Task description »
Reproduce the entries that follow exactly, dropping each image.

The input »
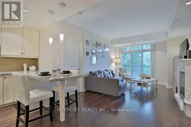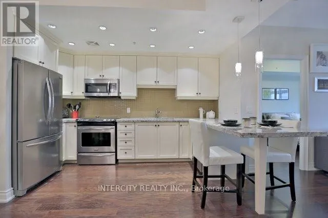 Lakeshore Rd W & Dorval Dr Beautifully finished "Kennick" model, approximately 1,173 sq ft with lots of upgrades. Large primary bedroom with 4 piece ensuite, Spacious 2nd Bedroom/Den with French Doors and closet. Dark wood floors throughout, coffered ceilings, pot lights, Upgraded Kitchen, Granite Countertops, Pendant lights, Peninsula/breakfast counter. All bathrooms have Caesarstone countertops and glass tiles in tub/shower. Walkouts to sunny West facing Balcony from Living Room and Primary Bedroom. Walk to shopping and transit, minutes to QEW and Oakville GO station. Photos were taken before current tenant moved in and common element furnishings have been changed since photos were taken. (id:27476)
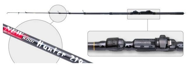 Лучшие цены. New Hunter – компактный телескопический спиннинг. Идеально подходит для путешествий и походов на природу, когда рыбалка является дополнением к отдыху. Обладает средним строем, что позволяет выполнить точный заброс, а при вываживании хищника быстро его утомить. Оснащен облегченными кольцами Kujira XR Long Super Hard ZrO2 (1600-1800H, kg/mm2). Катушкодержатель с механизмом быстрого крепления. Магазины в вашем городе.
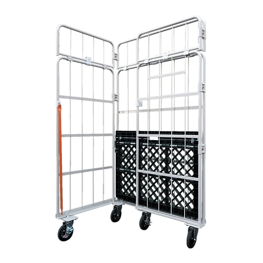 新品カゴ台車 連結鉄タイプ 底板樹脂 W1100×D800×H2000mm (アイボリー)
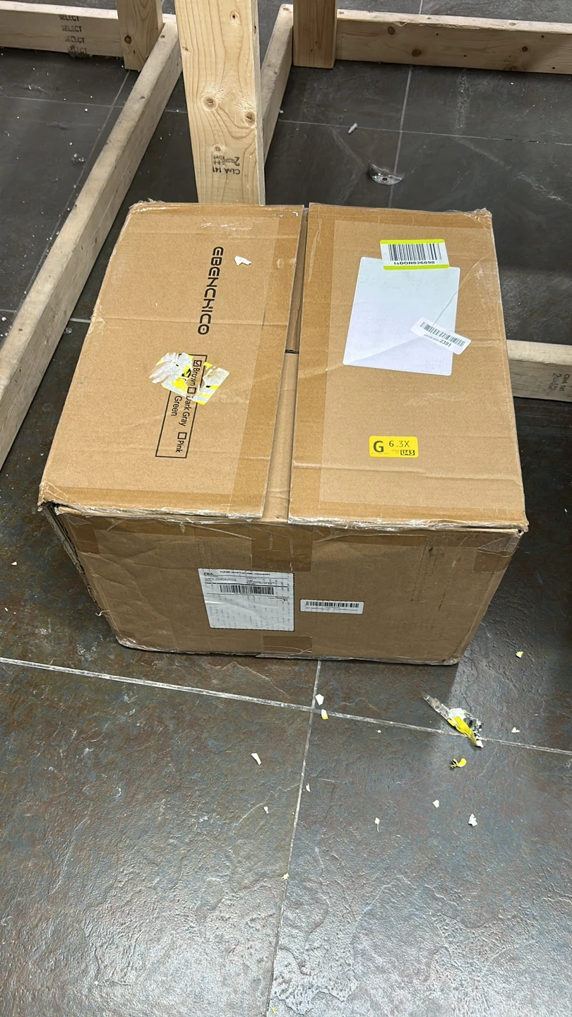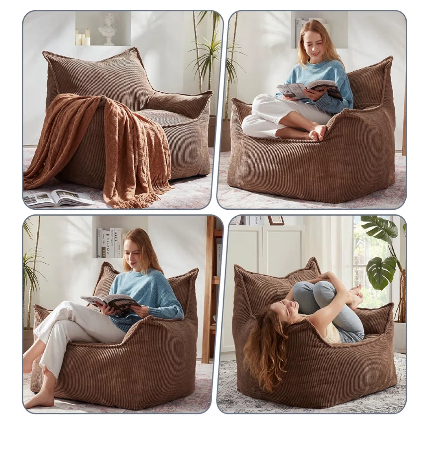 It's made of a soft brown corduroy material, perfect for lounging. The box is included!
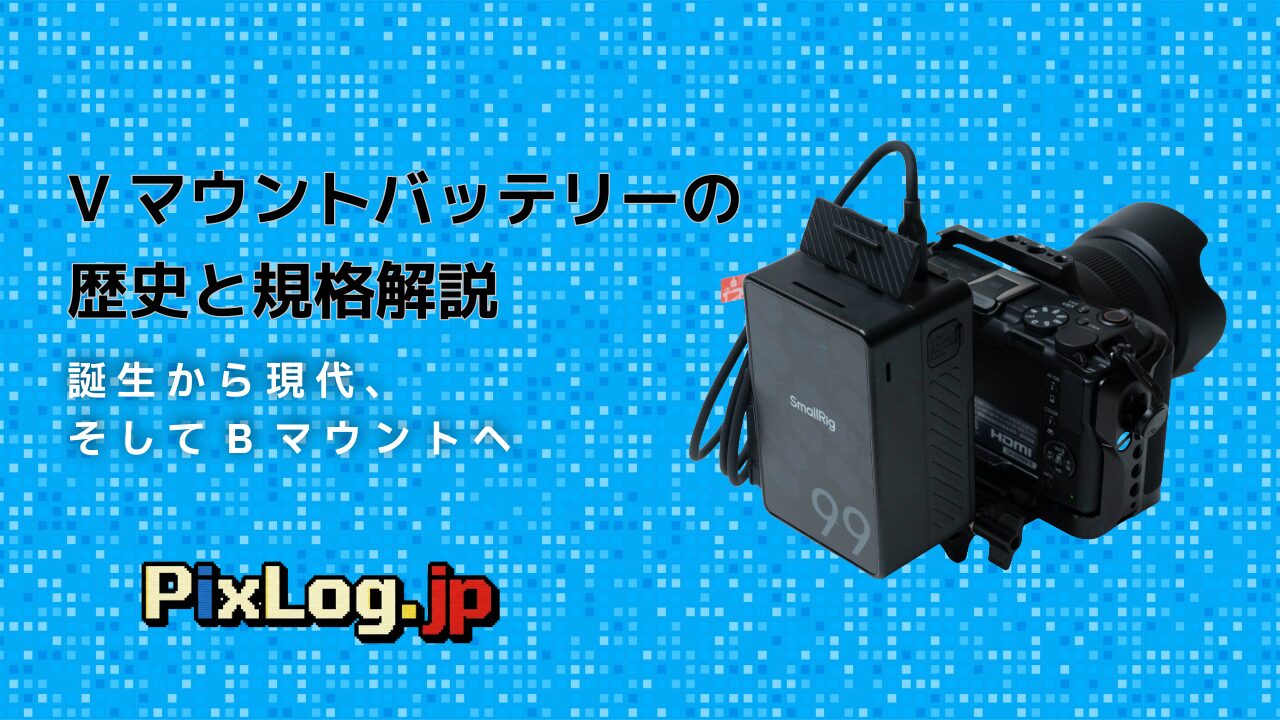 映像制作の現場で「Vマウント」という言葉を聞いたことがあるだろうか。業務用ビデオカメラの背面にカチッと装着される、あの大きなバッテリーのことだ。放送や映画の世界で30年以上にわたり使われ続けているこの規格には、技術革新と市場競争が絡み合った、思いのほか奥深い歴史がある。本稿ではVマウントバッテリーがなぜ生まれ、どのように進化し、そしてこれからどこへ向かうのかを整理する。
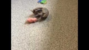 Rollieアルマジロはお気に入りのおもちゃで遊びます
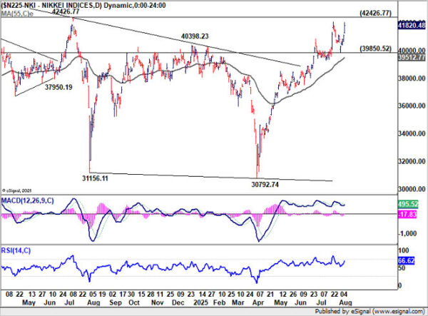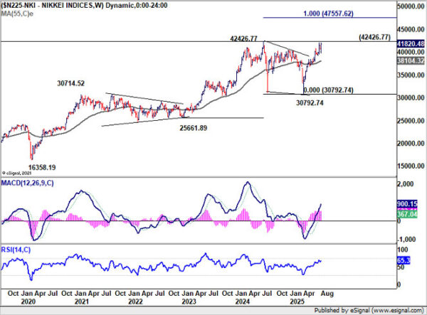 Technically, near term outlook in Nikkei will stay bullish as long as 39850.52 support holds. Retest of 42426.77 record high should be seen next. Decisive break there will resume the long term up trend. Next medium term target is 100% projection of 25661.89 to 42426.77 from 30792.74 at 47557.62.
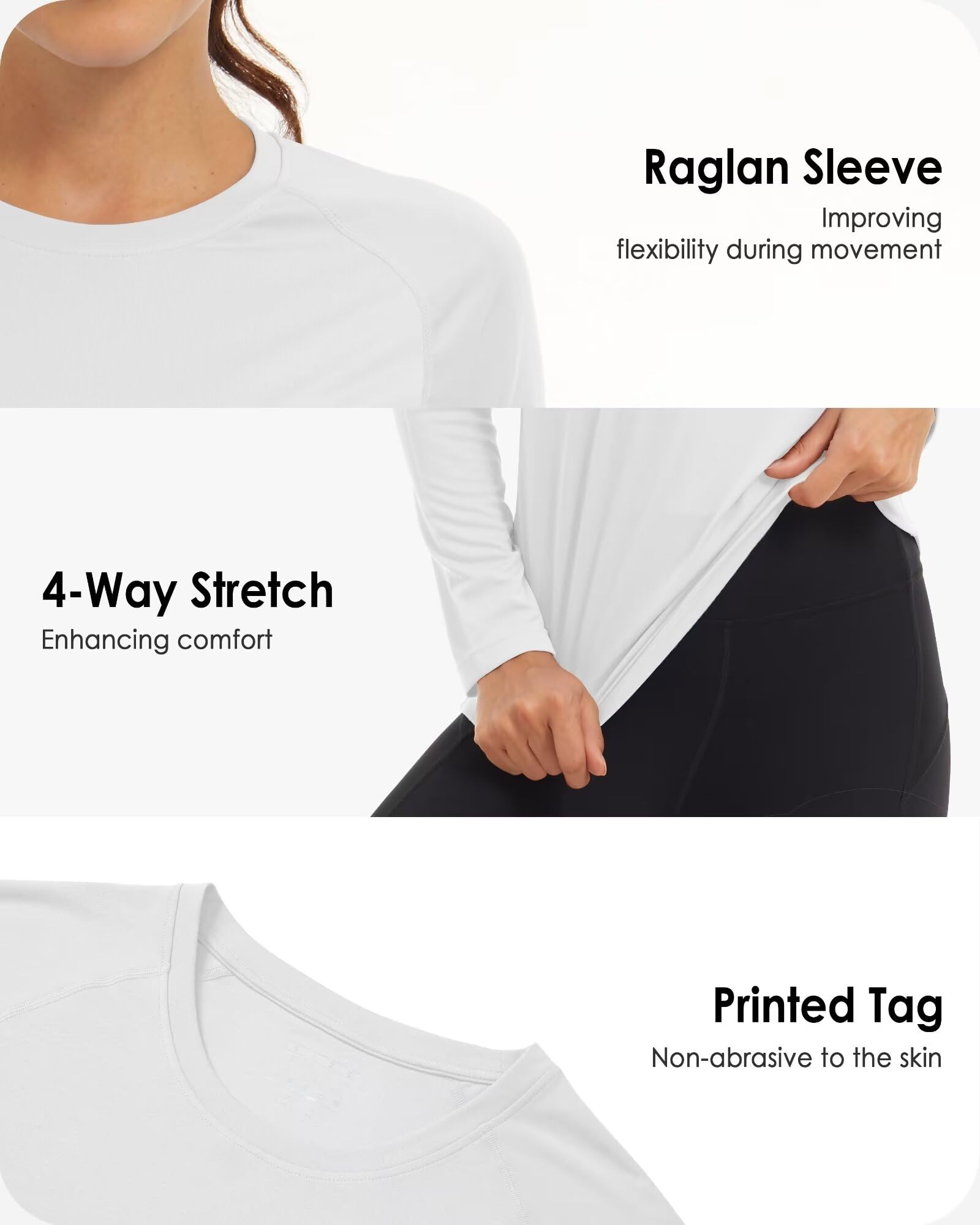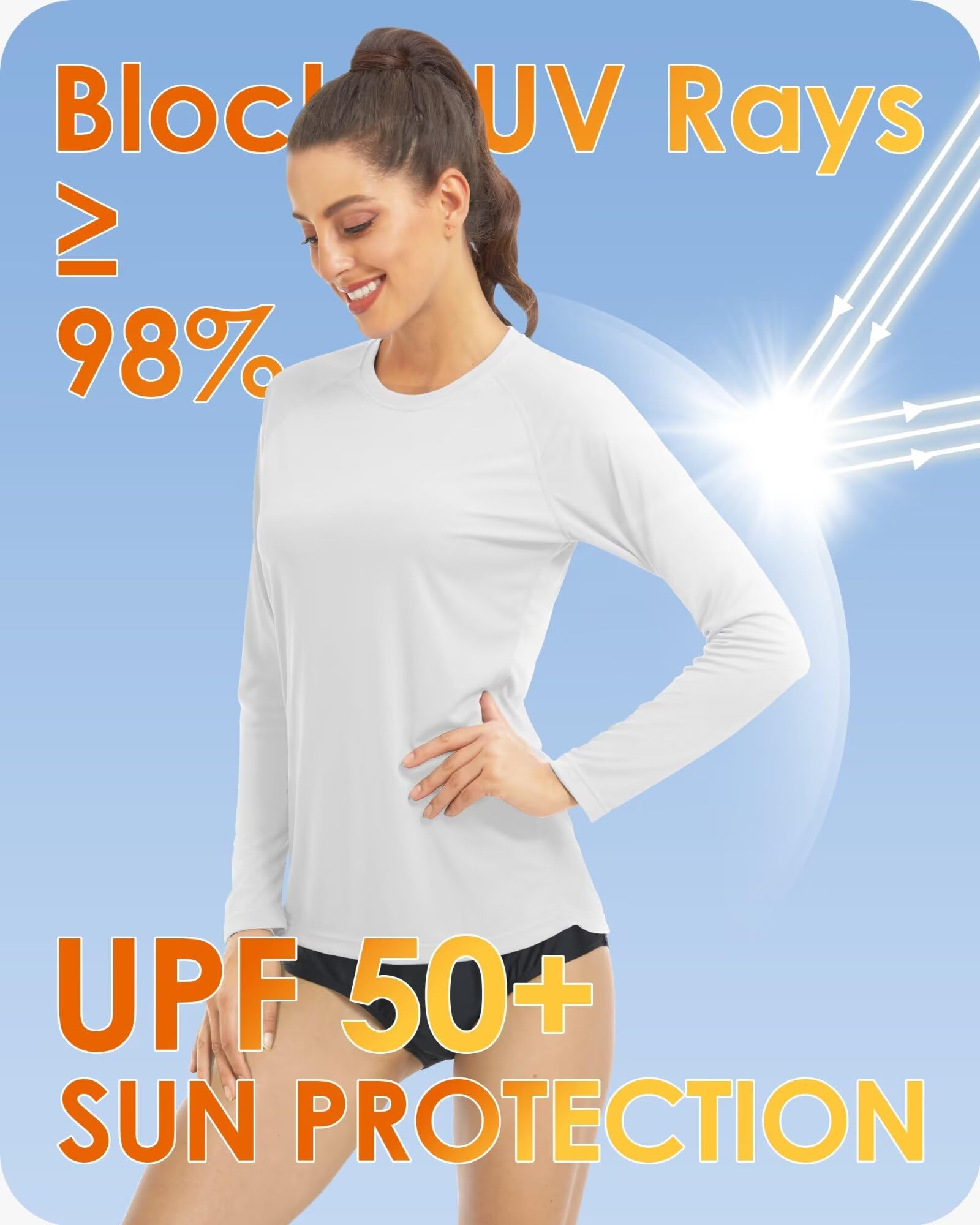 • [UPF 50+ Sun Protection] These womens long sleeve t-shirts protect you from the damage of UV without applying sunscreen all over your body (UPF 50+ means they can blocks 98% of UV rays). Keep you away from skin cancer and sunburn
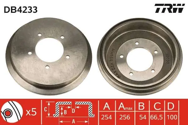 - Średnica wewnętrzna bębna hamulca [mm] :254
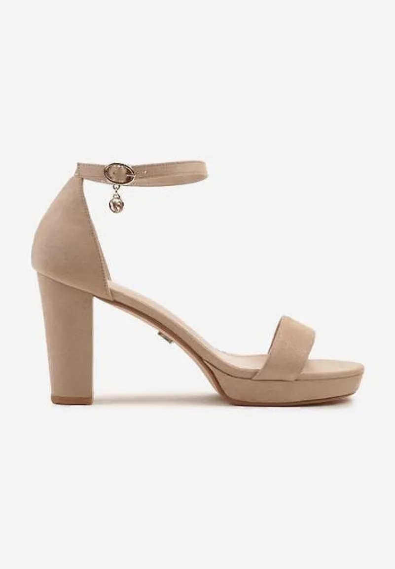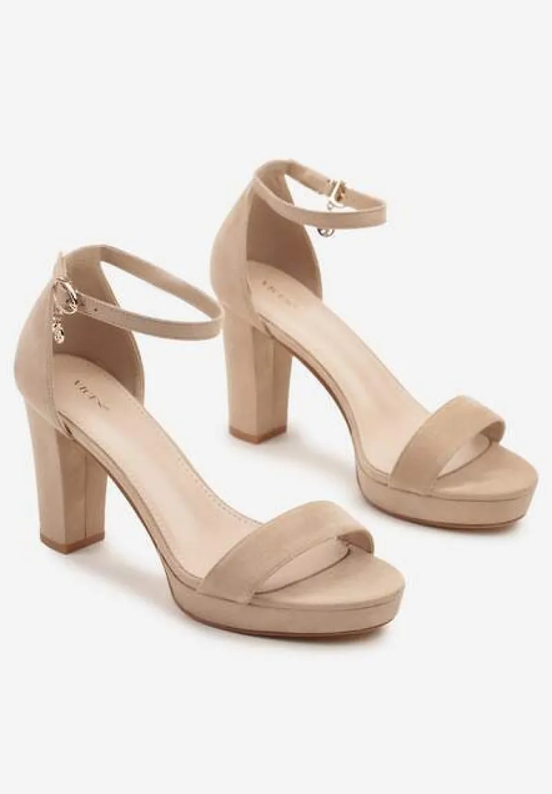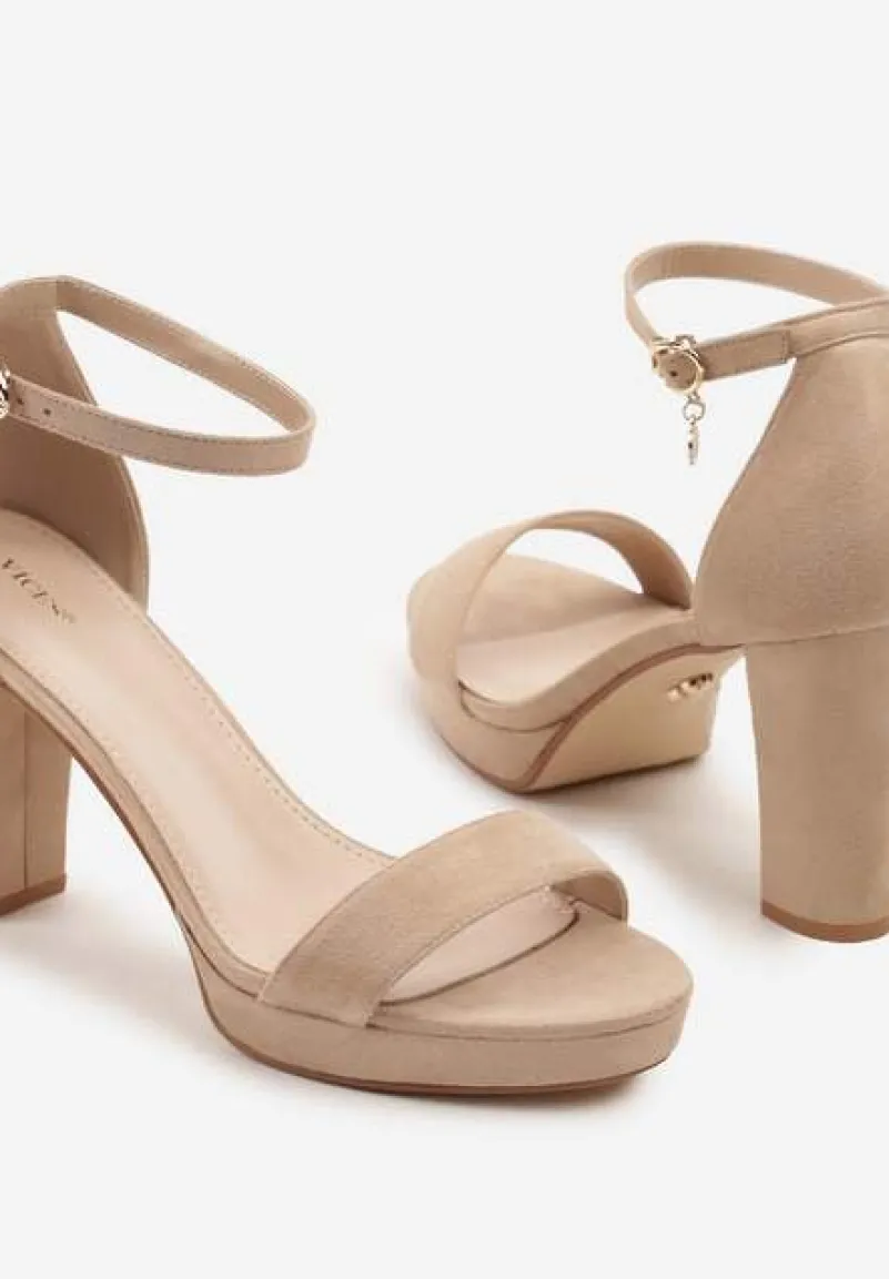 Ciemnobeżowe Sandały Vices na Słupkowym Obcasie z Paskiem Wokół Kostki Maritira

Problem solution »
 Lakeshore Rd W & Dorval Dr Beautifully finished "Kennick" model, approximately 1,173 sq ft with lots of upgrades. Large primary bedroom with 4 piece ensuite, Spacious 2nd Bedroom/Den with French Doors and closet. Dark wood floors throughout, coffered ceilings, pot lights, Upgraded Kitchen, Granite Countertops, Pendant lights, Peninsula/breakfast counter. All bathrooms have Caesarstone countertops and glass tiles in tub/shower. Walkouts to sunny West facing Balcony from Living Room and Primary Bedroom. Walk to shopping and transit, minutes to QEW and Oakville GO station. Photos were taken before current tenant moved in and common element furnishings have been changed since photos were taken. (id:27476)
 Лучшие цены. New Hunter – компактный телескопический спиннинг. Идеально подходит для путешествий и походов на природу, когда рыбалка является дополнением к отдыху. Обладает средним строем, что позволяет выполнить точный заброс, а при вываживании хищника быстро его утомить. Оснащен облегченными кольцами Kujira XR Long Super Hard ZrO2 (1600-1800H, kg/mm2). Катушкодержатель с механизмом быстрого крепления. Магазины в вашем городе.
 新品カゴ台車 連結鉄タイプ 底板樹脂 W1100×D800×H2000mm (アイボリー)
 It's made of a soft brown corduroy material, perfect for lounging. The box is included!
 映像制作の現場で「Vマウント」という言葉を聞いたことがあるだろうか。業務用ビデオカメラの背面にカチッと装着される、あの大きなバッテリーのことだ。放送や映画の世界で30年以上にわたり使われ続けているこの規格には、技術革新と市場競争が絡み合った、思いのほか奥深い歴史がある。本稿ではVマウントバッテリーがなぜ生まれ、どのように進化し、そしてこれからどこへ向かうのかを整理する。
 Rollieアルマジロはお気に入りのおもちゃで遊びます
 Technically, near term outlook in Nikkei will stay bullish as long as 39850.52 support holds. Retest of 42426.77 record high should be seen next. Decisive break there will resume the long term up trend. Next medium term target is 100% projection of 25661.89 to 42426.77 from 30792.74 at 47557.62.
 • [UPF 50+ Sun Protection] These womens long sleeve t-shirts protect you from the damage of UV without applying sunscreen all over your body (UPF 50+ means they can blocks 98% of UV rays). Keep you away from skin cancer and sunburn
 - Średnica wewnętrzna bębna hamulca [mm] :254
 Ciemnobeżowe Sandały Vices na Słupkowym Obcasie z Paskiem Wokół Kostki Maritira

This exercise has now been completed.